Подобно тигру, который, убрав страшные когти, забавляется со своей жертвой, Чон то и дело обращался к братьям Ли с ласковым словом, бросал им на ходу веселую шутку. А те со дня своего чудесного спасения из подстроенной Чоном ловушки у стен Охотничей башни питали к нему самые дружеские чувства и искренне считали себя его должниками. Когда кортеж остановился на главной площади города, братья Ли пригласили Чонгука распить с ними жбан местного молодого вина. Подымая бокалы, молодые люди обменивались шутками.
"Пейте, милые братцы, пейте, - твердил про себя Чон, - запоминайте хорошенько вкус этого вина".
А вокруг них залитая солнцем таверна дрожала от радостных криков и удалых возгласов.
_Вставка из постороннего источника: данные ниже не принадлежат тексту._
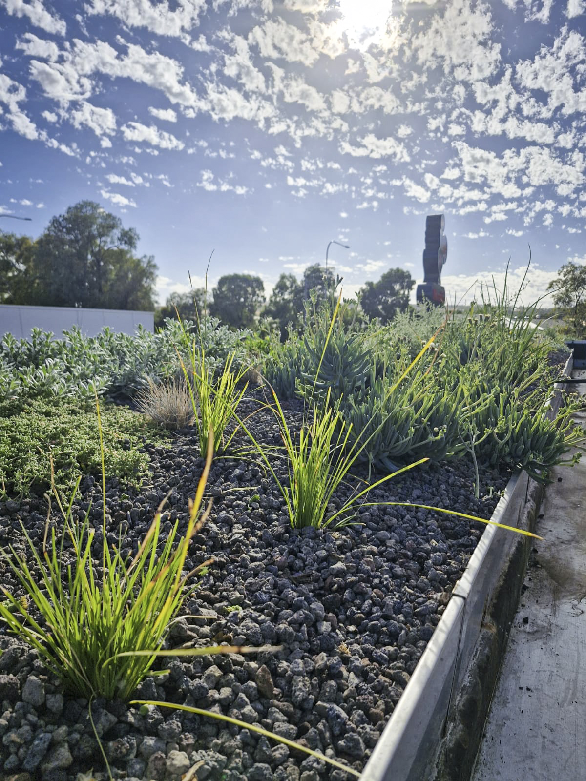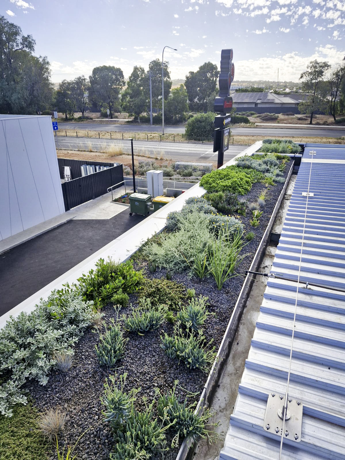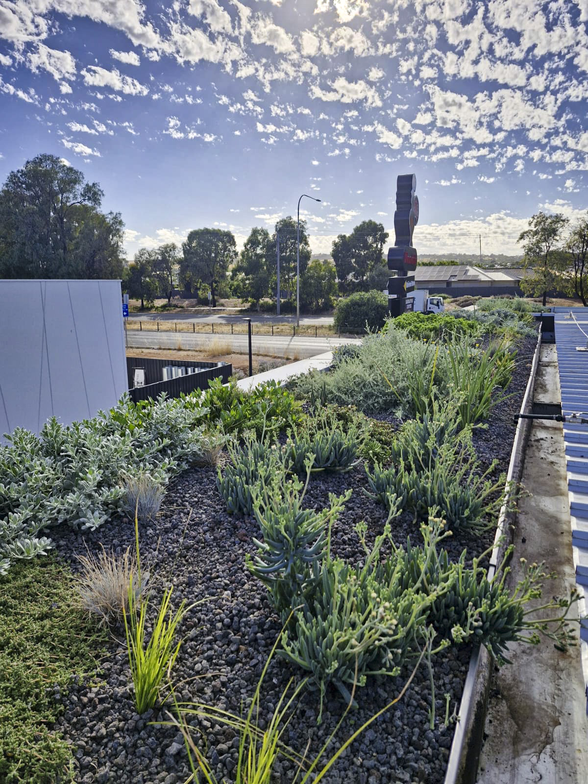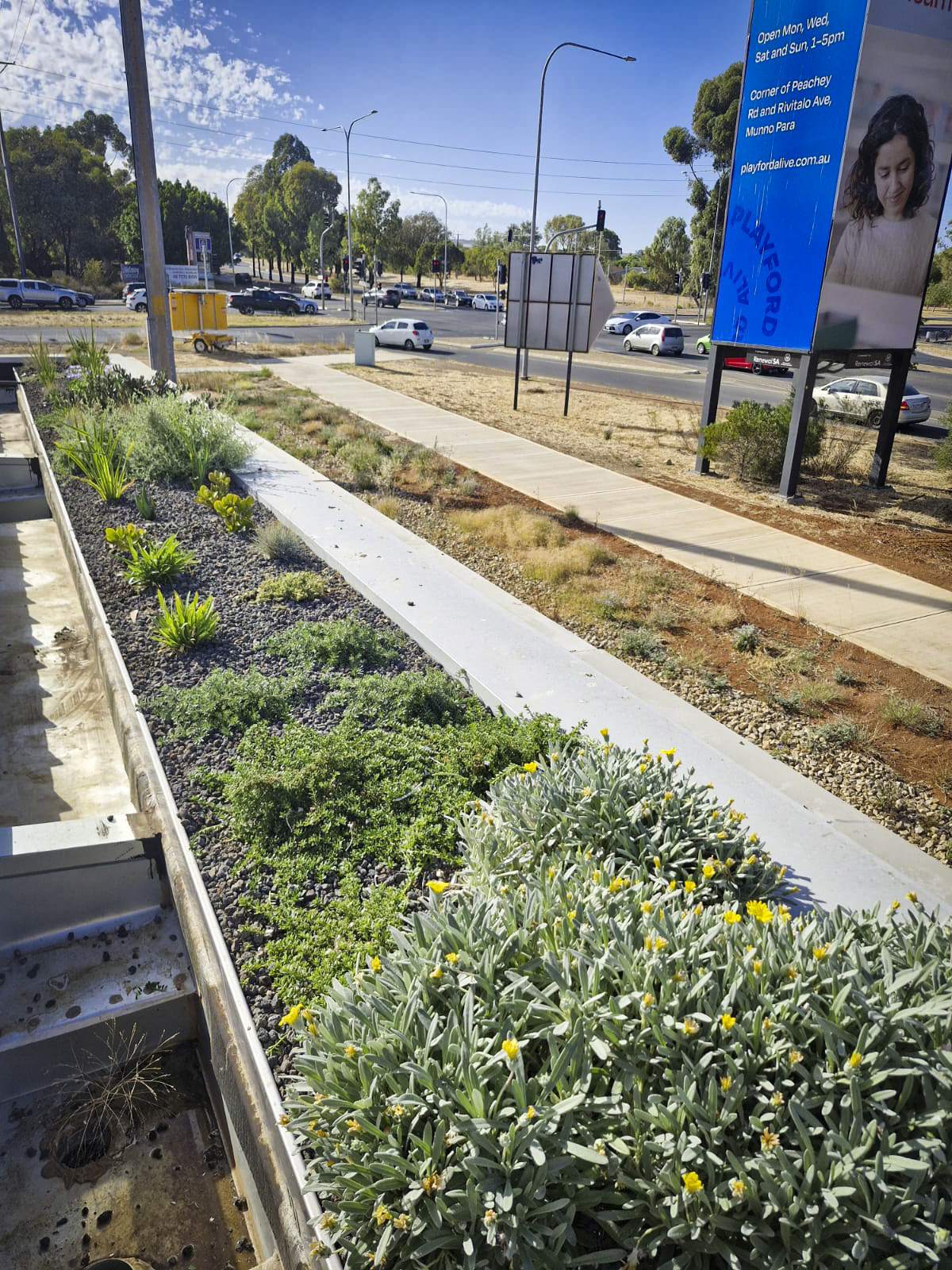 Located at the corner of Main North Road and Curtis Road in Munno Para, South Australia, the roof gardens span a combined 36.5 m² and are engineered with a 160 mm profile depth.  The system supports 302 plants across 29 resilient species, selected for durability in exposed rooftop conditions and low ongoing maintenance.

В ликующем городе сновали взад и вперед торговцы, как в дни ярмарки, и от замка к церковной ограде безостановочно двигалась толпа, заставляя свиту придерживать коней. Огромные полотнища многокрасочных тканей, украшавшие оконницы, бились по ветру. Прискакавший галопом всадник сообщил, что королевский кортеж приближается, и суматоха еще усилилась. - Поторопите людей, - обратился Феликс к Финкс, который, услышав о приезде королевы, поспешил к своему господину. Затем Феликс обернулся к дяде Чон Хосоку.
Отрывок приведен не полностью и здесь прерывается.